DATA IN THIS EXERCISE =
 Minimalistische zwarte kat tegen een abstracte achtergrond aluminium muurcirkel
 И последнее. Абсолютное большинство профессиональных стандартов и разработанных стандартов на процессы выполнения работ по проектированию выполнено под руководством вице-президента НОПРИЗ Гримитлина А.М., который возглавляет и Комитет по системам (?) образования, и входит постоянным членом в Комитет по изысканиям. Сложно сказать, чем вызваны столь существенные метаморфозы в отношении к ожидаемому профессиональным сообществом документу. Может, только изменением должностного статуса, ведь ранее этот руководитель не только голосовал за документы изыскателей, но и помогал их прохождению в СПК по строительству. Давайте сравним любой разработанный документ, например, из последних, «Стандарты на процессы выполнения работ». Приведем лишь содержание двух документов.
==
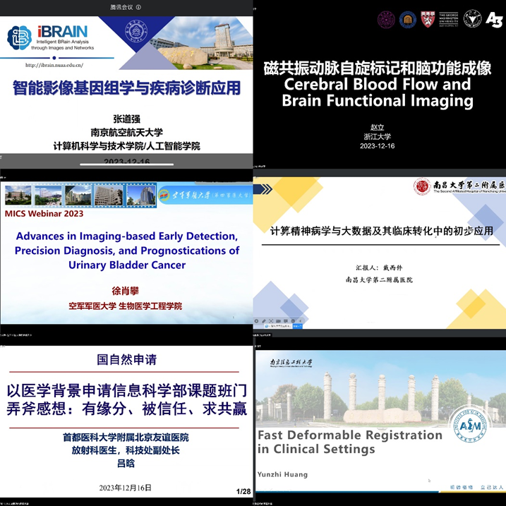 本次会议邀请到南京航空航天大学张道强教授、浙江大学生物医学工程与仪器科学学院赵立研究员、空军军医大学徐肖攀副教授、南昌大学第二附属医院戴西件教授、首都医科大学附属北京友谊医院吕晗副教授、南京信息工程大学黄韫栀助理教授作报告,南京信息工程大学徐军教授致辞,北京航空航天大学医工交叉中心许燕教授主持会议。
* * *
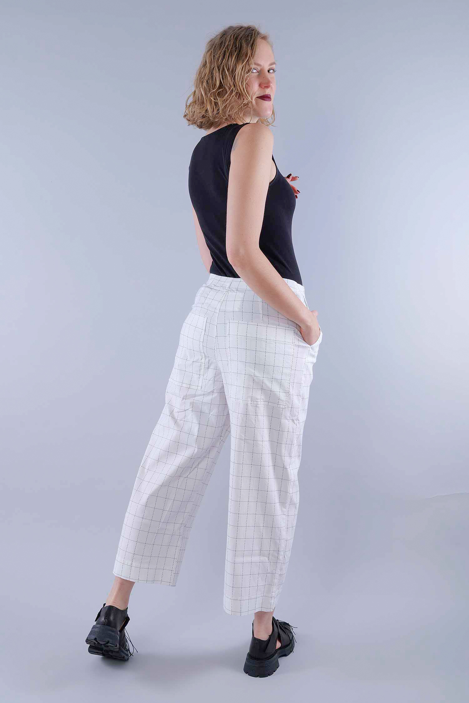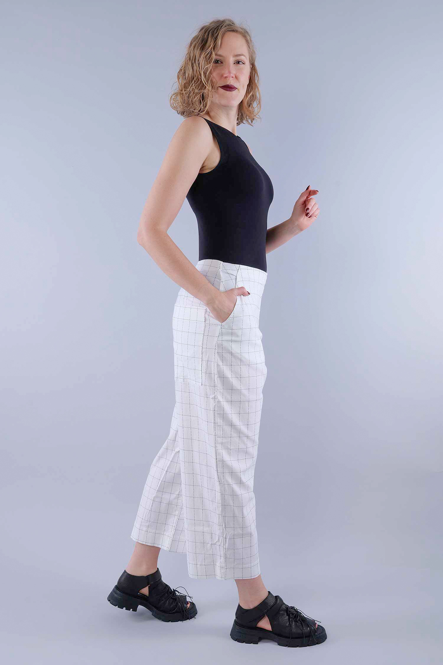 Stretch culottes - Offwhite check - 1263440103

WORK ORDER =
Only the lines above from the one with "Minimalistische zwarte kat" through the one with "И последнее. Абсолютное" should be duplicated, character for character.

THE ANSWER =
 Minimalistische zwarte kat tegen een abstracte achtergrond aluminium muurcirkel
 И последнее. Абсолютное большинство профессиональных стандартов и разработанных стандартов на процессы выполнения работ по проектированию выполнено под руководством вице-президента НОПРИЗ Гримитлина А.М., который возглавляет и Комитет по системам (?) образования, и входит постоянным членом в Комитет по изысканиям. Сложно сказать, чем вызваны столь существенные метаморфозы в отношении к ожидаемому профессиональным сообществом документу. Может, только изменением должностного статуса, ведь ранее этот руководитель не только голосовал за документы изыскателей, но и помогал их прохождению в СПК по строительству. Давайте сравним любой разработанный документ, например, из последних, «Стандарты на процессы выполнения работ». Приведем лишь содержание двух документов.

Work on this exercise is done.